Оксана Котова, музеолог:

Я работаю на временных проектах. На моей памяти только один раз я оформлялась официально, когда была смотрительницей от ГЦСИ на выставке в ЦДХ (на главном проекте Биеннале молодого искусства. — Aroundart). Это был такой эксперимент, и как ни странно, именно он был оформлен по закону. Мне все вовремя и нормально заплатили. Правда, это была не такая уж большая сумма. Я проработала всего десять дней. Я сразу им говорила, что буду работать недолго, договорились на короткий срок. На других проектах, где договоренность была на словах, всегда все было нормально. Поэтому меня удивляет, что у кого-то возникают проблемы. Лично мне кажется, что у нас настолько узкая тусовка, что если рассказать, как с тобой плохо обращаются, то людям сразу станет стыдно. Почему-то у меня есть такое предположение, что можно очернить репутацию человека, который кидает с зарплатой.

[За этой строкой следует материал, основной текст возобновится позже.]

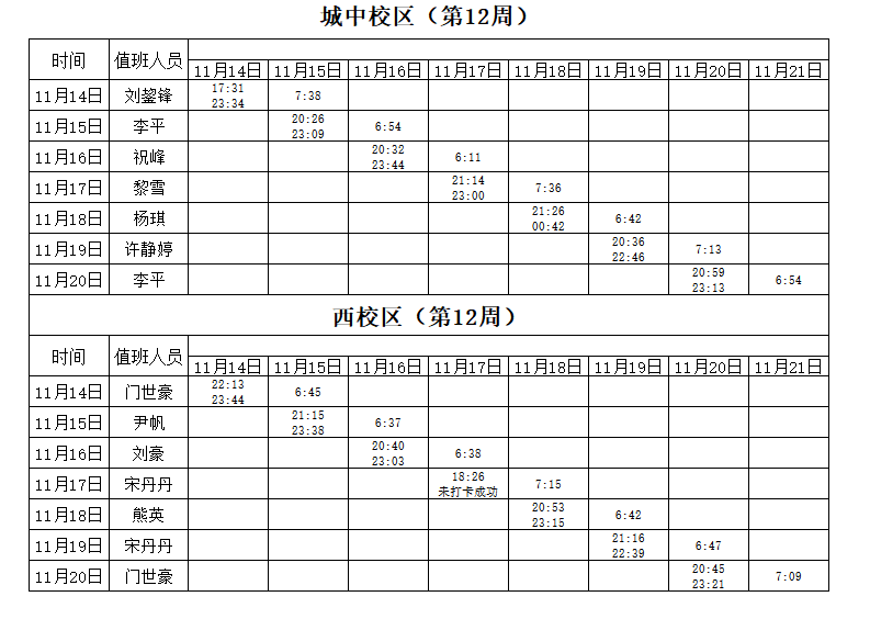 2022-2023学年第1学期第11-12周学工人员寝室值班通报

Но однажды я была свидетелем конфликта, когда художнику за колоссальную работу в театре — это был мультимедиа-проект — захотели заплатить, по-моему, в пять раз меньше. Сначала говорили, что договор заключат чуть позже, то есть пост фактум, а потом, когда договор принесли, там были прописаны совсем другие цифры. По факту, когда работа была сделана, оказалось, что труд художника просто не вписался в бюджет, в смету, хотя изначально планировалось нечто другое. Плюс автор прописывался в договоре как дизайнер, его работа не считалась художественной, а об авторских правах вообще речи не шло. Его произведение полностью отчуждалось от него и считалось театральными декорациями. На обсуждение договора его вызывали так часто, что ходить приходилось как на работу. А сотрудники все время врали и переводили стрелки друг на друга. Художник отказался подписывать договор и не отдал готовую работу, хотя на производство было потрачено несколько месяцев тяжелого труда. Самое главное, что речь идет об очень известном театре, одном из крупнейших в Москве. Кроме того, художник поссорился с работающими там режиссерами, которые считают, что он якобы «кинул» театр, — в общем, серьезно испортил отношения с кучей людей, так как его, в итоге, выставили виноватым.

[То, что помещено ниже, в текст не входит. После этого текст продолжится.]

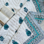 Elevate your bedding ensemble with our Premium Cotton Block Print Quilt Ensemble. Crafted from premium cotton, this ensemble includes a quilt featuring exquisite block print designs, offering both comfort and style for a luxurious sleeping experience.

А.Делтува. Без слов (Художники литовского сатирического журнала «Шлуота». М., Советский художник, 1984)

А я месяц работала официанткой. Я больше никогда не хочу испытывать судьбу и переживать подобный опыт. У меня родилась идея написать сценарий про загадочную официантку, которая ни с кем не общалась, она всех привлекала и была никому не доступна. Я не представляла, что это за работа и почему она тяжелая. И еще в тот момент в моей компании ходила такая поговорка: «Если что, пойду работать официанткой — не пропаду!» Мне стало интересно, и я решила воспользоваться случаем, чтобы уйти со своей предыдущей работы. Подумала: прекрасный шанс провести эксперимент. Там я работала по договору, но все было далеко не ОК. Вначале я, практически не глядя, подписала какие-то бумажки. Это был ресторан моего друга, и я предполагала, что попаду в абсолютно дружественную атмосферу. Оказалось, все совершенно не так. Через две недели, после того как я устроилась и уже очень весело и бодро работала, произошла какая-то реорганизация, и мой друг перестал быть совладельцем этого ресторана. Его сняли, он больше не играл там никакой роли, а меня потом кинули на деньги и заплатили за месяц всего 4000 рублей. Я носилась по переполненному ресторану по 12 часов два дня через один (иногда через два), а когда увольнялась и посмотрела на сумму, которую заработала, и на прописанные в договоре условия, поняла, что я никак не могла доказать, что заработала больше: они имели право вычитать сумасшедшие штрафы из моей зарплаты.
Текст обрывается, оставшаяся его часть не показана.